In so holding we are not unmindful of the recent holding of the Fifth Circuit Court of Appeals in the case of McGuire v. Sadler, 337 F.2d 902, that if procedural shortcomings are found to have existed in a trial which deprived a plaintiff of a *158 fair and adequate hearing, that this would seem sufficient for a showing of deprivation of civil rights. However, the McGuire case may be distinguished from the case at bar in that there was clearly state action in that case, whereas here there was no state action, or action under color of a state law. Because of this decision we have elaborated somewhat in this opinion as to the reasons which prompted this Court to remand the attempted removal of defendant's expropriation suit to this Court (No. 9842 of our Civil Docket).

In going to the very heart of this complaint, it appears to be nothing other than an attempt to have a Federal Court review a State Court's findings with which one party is dissatisfied.
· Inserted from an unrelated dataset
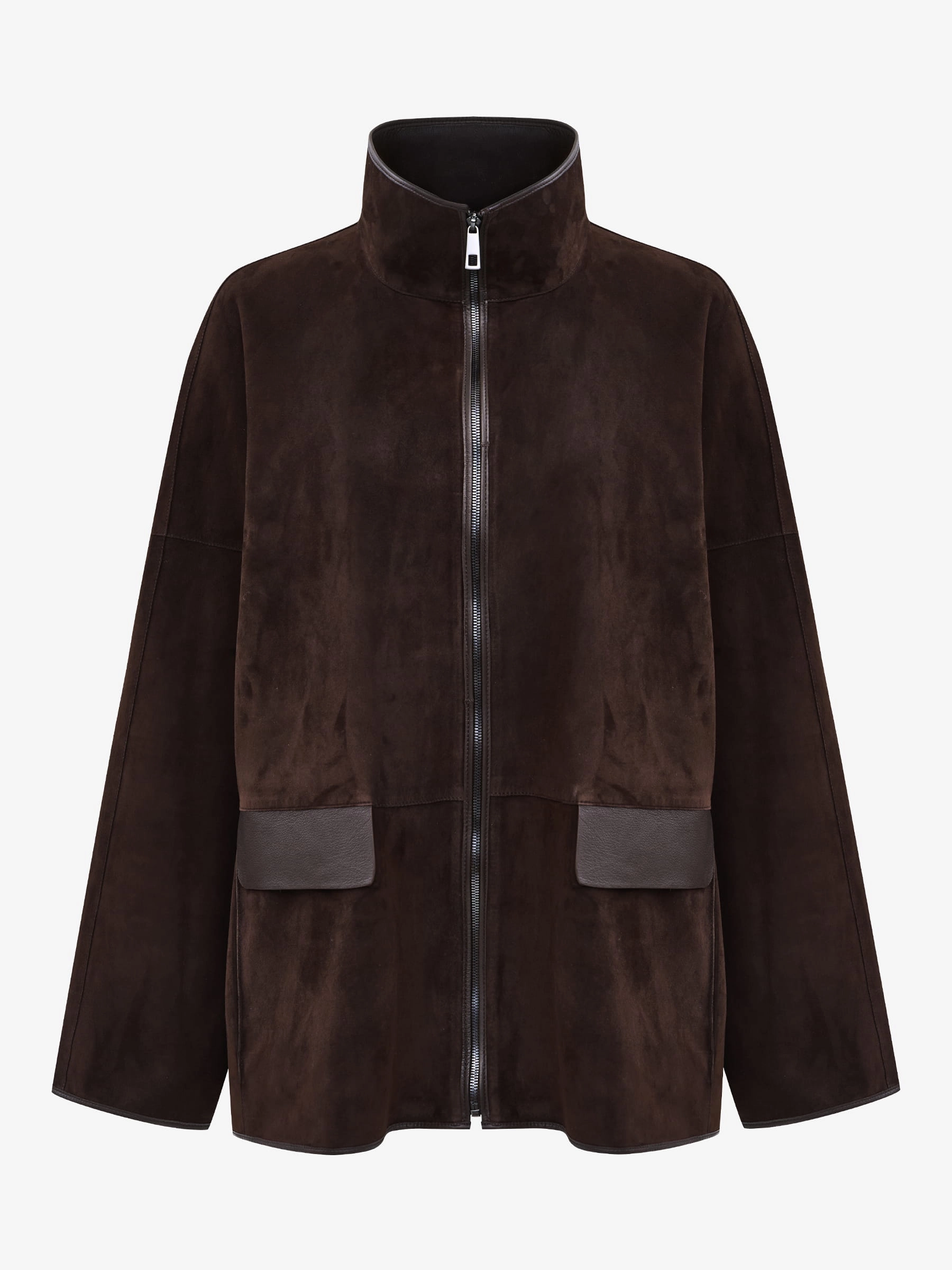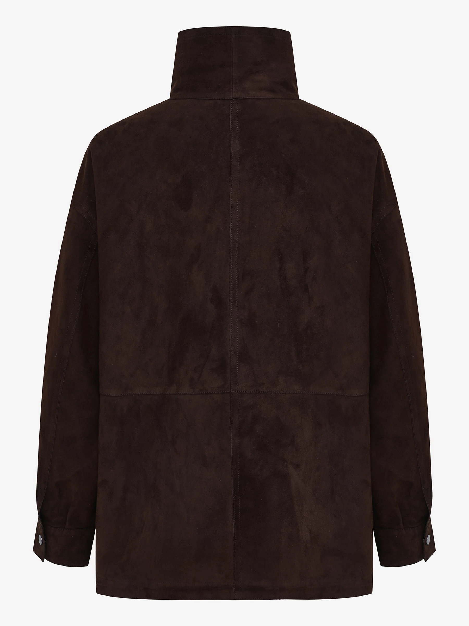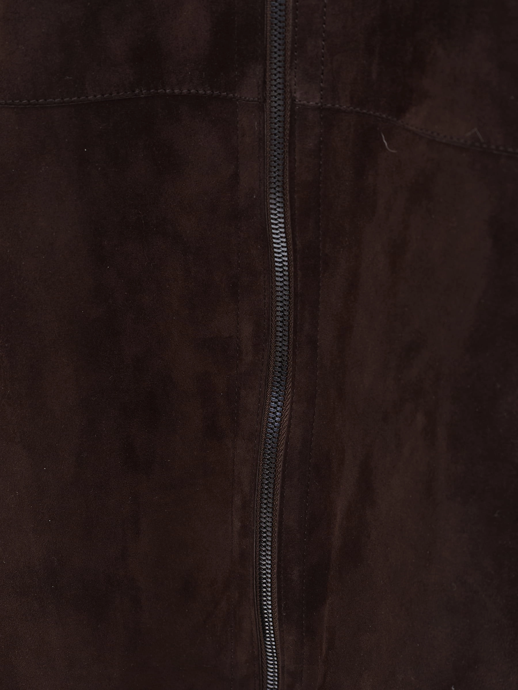 Коричневая замша в обрамлении благородных деталей — эта куртка создана для тех, кто ценит безупречное качество и лаконичную эстетику. Модель прямого силуэта длиной 72 см выполнена из мягчайшей натуральной замши премиального класса, которая дарит тактильную нежность, благородную фактуру и ощущение абсолютной свободы. Воротник-стойка придает образу стройность и собранность, а спущенный рукав обеспечивает современную расслабленную посадку. Два врезных боковых кармана дополнены аккуратными кожаными клапанами — функциональная деталь, которая одновременно служит стилистическим акцентом. Изысканный узкий кожаный кант проходит по воротнику, рукавам и низу куртки, мягко выделяя геометрию кроя и добавляя графичности. Крупная молния становится не только надежной застежкой, но и выразительным элементом дизайна. Полное отсутствие подкладки — особая гордость модели: оно демонстрирует тончайшую выделку замши, что является истинным признаком люксового материала. Куртка удивительно легкая, позволяет коже дышать и мягко облега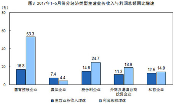 1-5月份,規模以上工業企業中,國有控股企業實現利潤總額6520.4億元,同比增長53.3%;集體企業實現利潤總額179.4億元,增長4.4%;股份制企業實現利潤總額20049.5億元,增長24.7%;外商及港澳臺商投資企業實現利潤總額7112.8億元,增長18.9%;私營企業實現利潤總額9611.3億元,增長14%。

There is no allegation of a conspiracy by or with State officials that could conceivably bring the suit within the ambit of § 1985. But if there were such allegation, the language found in the case of Skolnick v. Spolar, 317 F.2d 857 (7 Cir. 1963) is dispositive of such issue here. The Court stated at page 859:

"This was a state court action between private parties in which the state merely furnished the forum and in which it had no interest. Those who are alleged to have conspired cannot be said to have been acting under color of state law within the meaning of the Federal Civil Rights Acts. The facts alleged do not support plaintiff's conclusory statements that his federal constitutional rights have been violated. * * * Mere errors or irregularities in the state court proceedings are not sufficient to show a purposeful conspiracy to deny plaintiff due process. Snowden v. Hughes, 321 U.S. 1, 64 S. Ct. 397, 88 L. Ed. 497 (1944); Hanna v. Home Insurance Company, 5 Cir., 281 F.2d 298 (1960).
"The federal courts do not guarantee a citizen against the loss of a private civil action due to alleged irregularities in the trial thereof in a state court."

Thus, since we have failed to find that there was any action under color of state law which was engaged in by the defendant, we do not find it necessary to proceed to the second requirement of the statute, that of denial of a protected right, privilege or immunity. However, we wish to point out for the benefit of the complainant that insofar as his claim for damages for defendant's trespass in placing and maintaining a valve on his property is concerned, this claim is still reserved to him and is apparently still pending in the suit which he filed in the state court to enjoin the maintenance of this valve and for damages to his property caused thereby. He has also requested a jury trial on this issue which has not been denied.

Therefore, in view of the foregoing, defendant's motion for summary judgment and/or judgment on the pleadings must be granted and plaintiff's suit dismissed. Accordingly, such a decree will be entered upon presentation to the Court by defendant's counsel of a decree in accordance with this opinion.